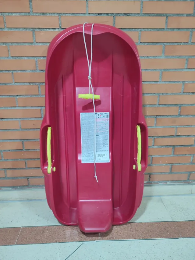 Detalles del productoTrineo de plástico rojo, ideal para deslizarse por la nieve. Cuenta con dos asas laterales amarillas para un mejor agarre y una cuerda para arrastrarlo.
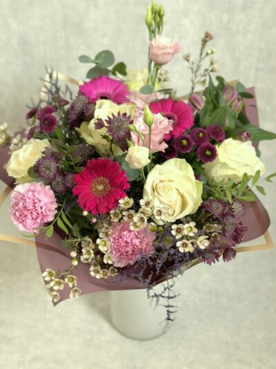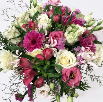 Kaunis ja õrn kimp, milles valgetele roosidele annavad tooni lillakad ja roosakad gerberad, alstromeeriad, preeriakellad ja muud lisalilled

---

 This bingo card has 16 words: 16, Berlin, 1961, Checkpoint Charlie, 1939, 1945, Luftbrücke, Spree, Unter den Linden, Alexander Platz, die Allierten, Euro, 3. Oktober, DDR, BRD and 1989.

### Problem to work on
Look above for the line with "Detalles del productoTrineo" and copy exactly from it through the line with "Kaunis ja õrn", both included. Omit the pictures.

### Response for this exercise
 Detalles del productoTrineo de plástico rojo, ideal para deslizarse por la nieve. Cuenta con dos asas laterales amarillas para un mejor agarre y una cuerda para arrastrarlo.
 Kaunis ja õrn kimp, milles valgetele roosidele annavad tooni lillakad ja roosakad gerberad, alstromeeriad, preeriakellad ja muud lisalilled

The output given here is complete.